*Work instructions*. Print every entry below again exactly as written, skipping the pictures.

[Source data]
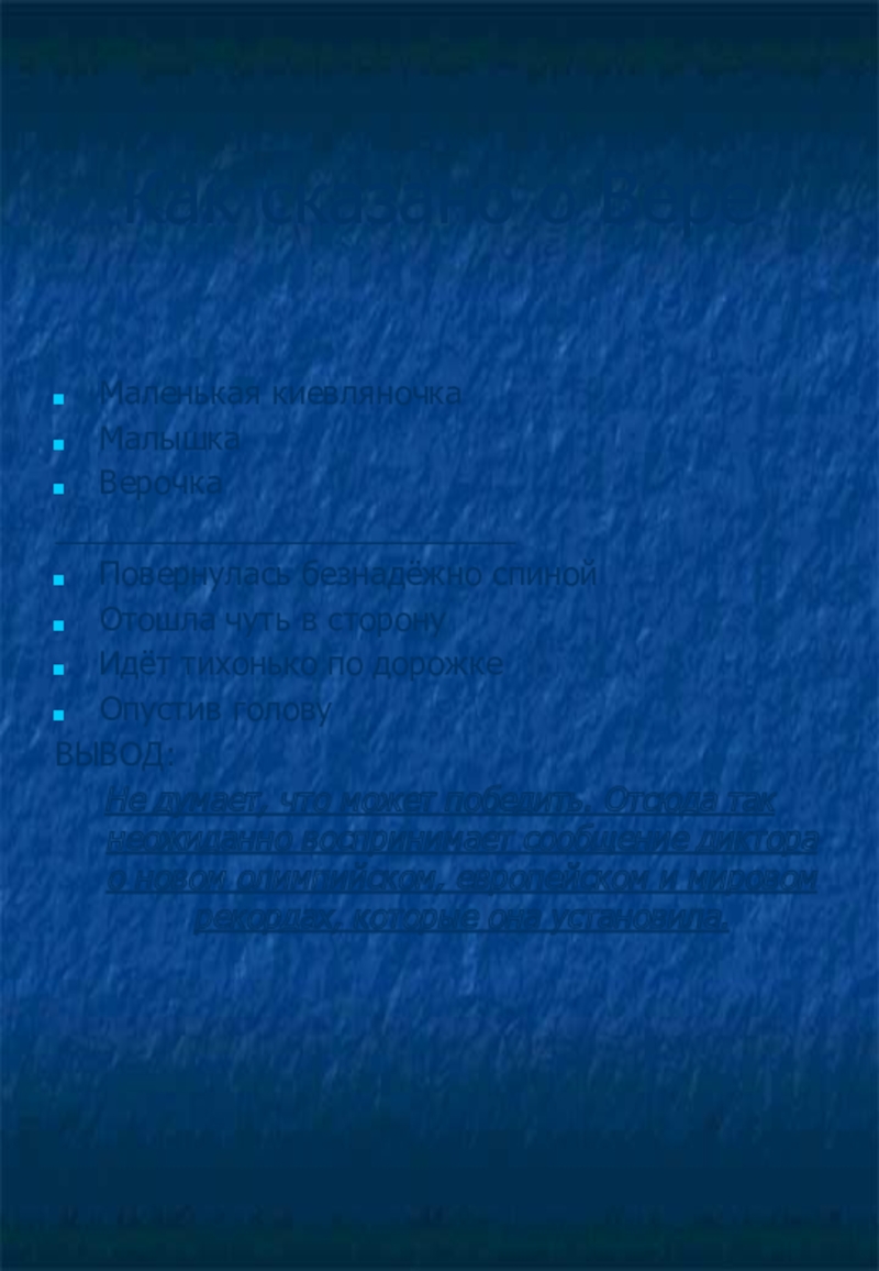Не думает, что может победить. Отсюда так неожиданно воспринимает сообщение диктора о новом олимпийском, европейском и мировом рекордах, которые она установила.
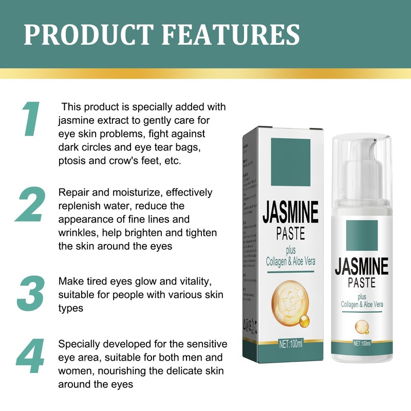 - Rich and healthy ingredients: jasmine ointment dark circles is rich in collagen and aloe vera. Rich in various plant extracts, it provides the skin with the moisture and nutrients it needs. These additives moisturise the skin during daily care.
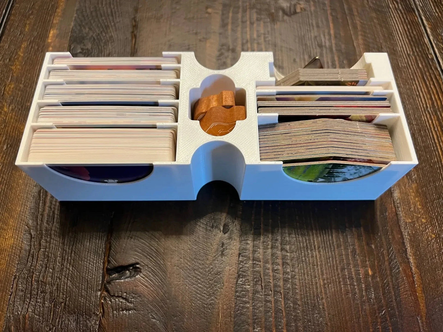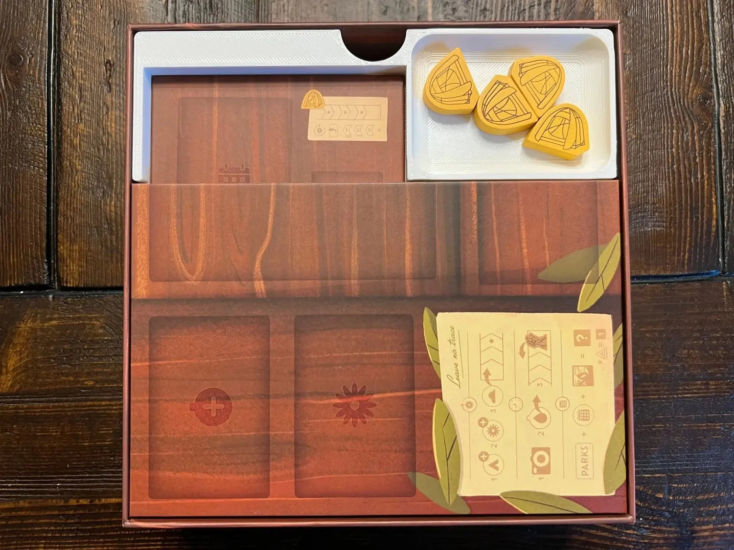 *  A tray with labels for all of the small cards, trail sites, campsites, campfire tokens, and the first player token.  There is also a slot for the bison and the promo bear.
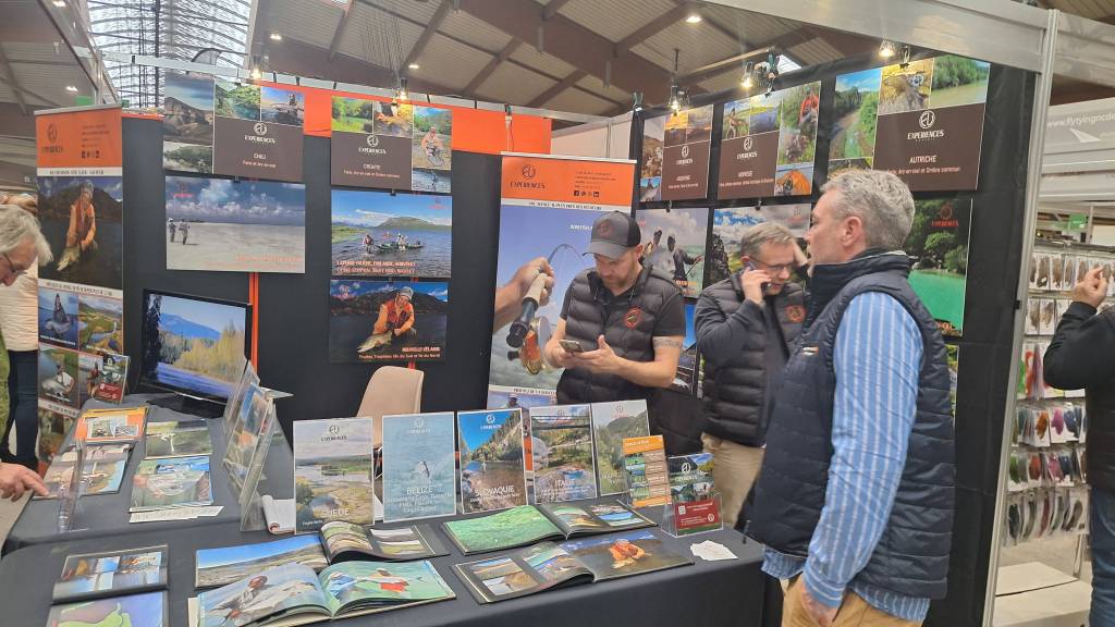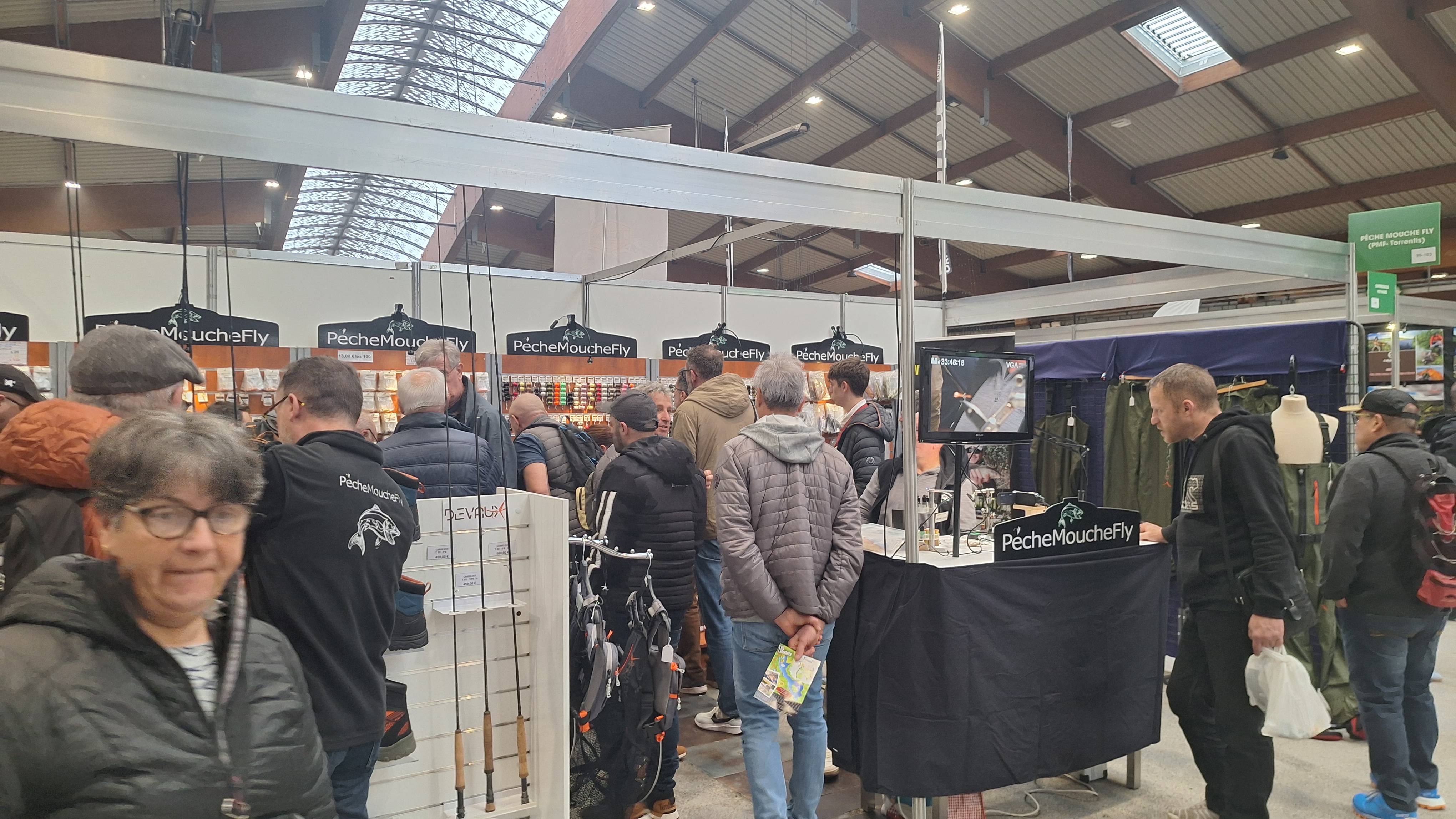 Nous sommes enfin à l’intérieur, sur notre gauche, beaucoup de stands d’exposants, de guides de pêche, de voyagistes, sans compter les stands de Fly Tiing.
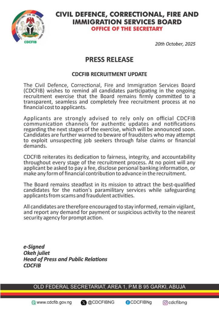 The Board reiterated its mission to attract the best-qualified candidates for Nigeria’s paramilitary services while safeguarding applicants from scams and fraudulent activities.
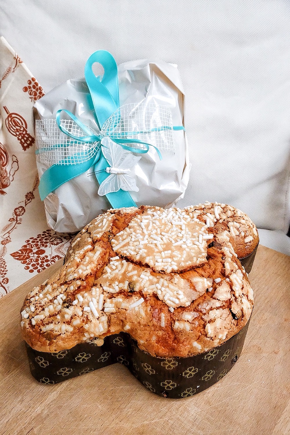 Per renderla ancora più speciale e sorprendente, non solo nel sapore, la colomba non viene inscatolata ma confezionata ogni volta in modo originale come un regalo, con carta, nastro e decorazioni in colori che a richiesta possono essere personalizzati.
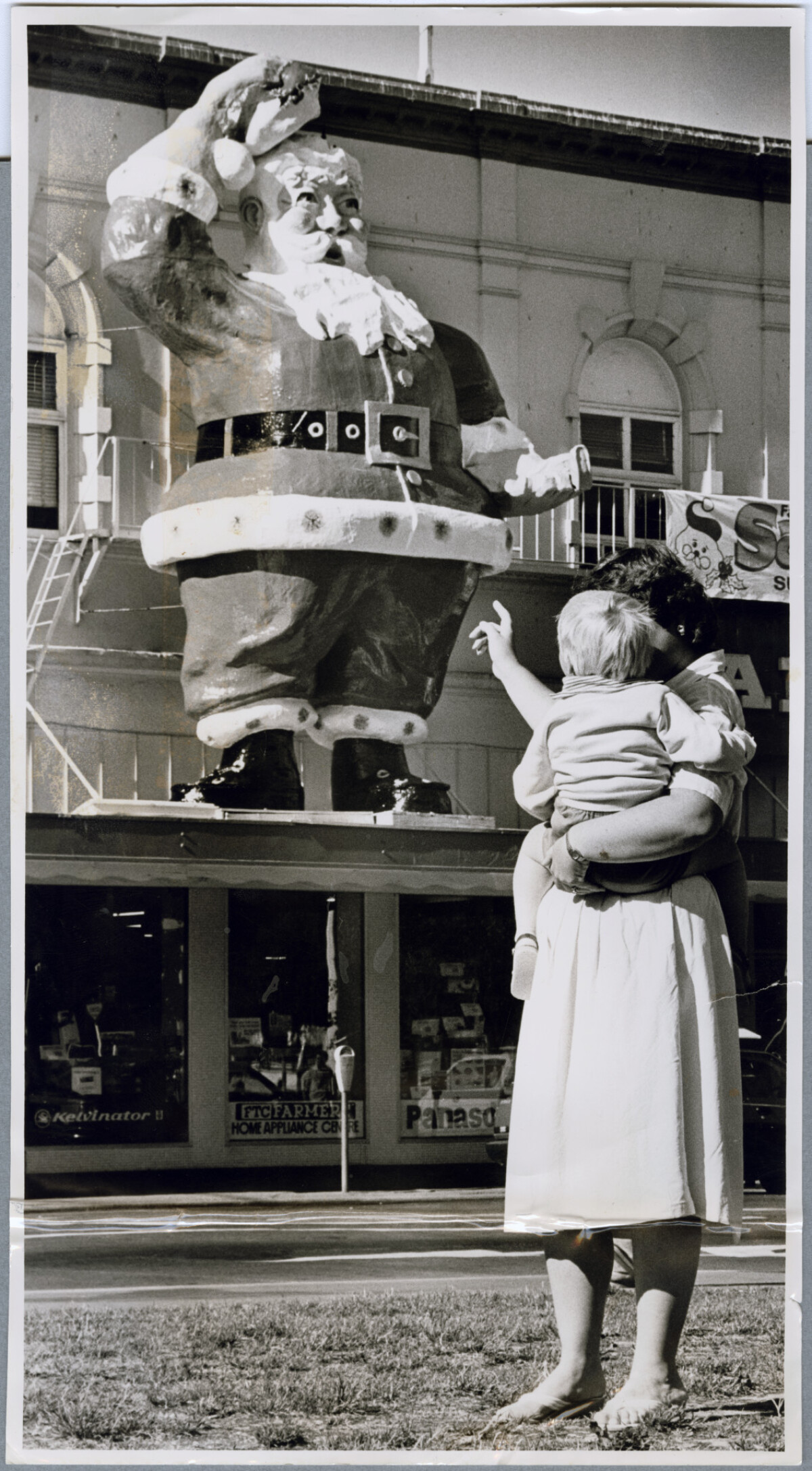 Christine Magon with her son David Magon, pointing to the Santa Claus above the entrance to Farmers Department Store on the corner of Armagh and Colombo Streets. The Santa has been reinstalled following a new coat of paint.

*The answer*.
Не думает, что может победить. Отсюда так неожиданно воспринимает сообщение диктора о новом олимпийском, европейском и мировом рекордах, которые она установила.
 - Rich and healthy ingredients: jasmine ointment dark circles is rich in collagen and aloe vera. Rich in various plant extracts, it provides the skin with the moisture and nutrients it needs. These additives moisturise the skin during daily care.
 *  A tray with labels for all of the small cards, trail sites, campsites, campfire tokens, and the first player token.  There is also a slot for the bison and the promo bear.
 Nous sommes enfin à l’intérieur, sur notre gauche, beaucoup de stands d’exposants, de guides de pêche, de voyagistes, sans compter les stands de Fly Tiing.
 The Board reiterated its mission to attract the best-qualified candidates for Nigeria’s paramilitary services while safeguarding applicants from scams and fraudulent activities.
 Per renderla ancora più speciale e sorprendente, non solo nel sapore, la colomba non viene inscatolata ma confezionata ogni volta in modo originale come un regalo, con carta, nastro e decorazioni in colori che a richiesta possono essere personalizzati.
 Christine Magon with her son David Magon, pointing to the Santa Claus above the entrance to Farmers Department Store on the corner of Armagh and Colombo Streets. The Santa has been reinstalled following a new coat of paint.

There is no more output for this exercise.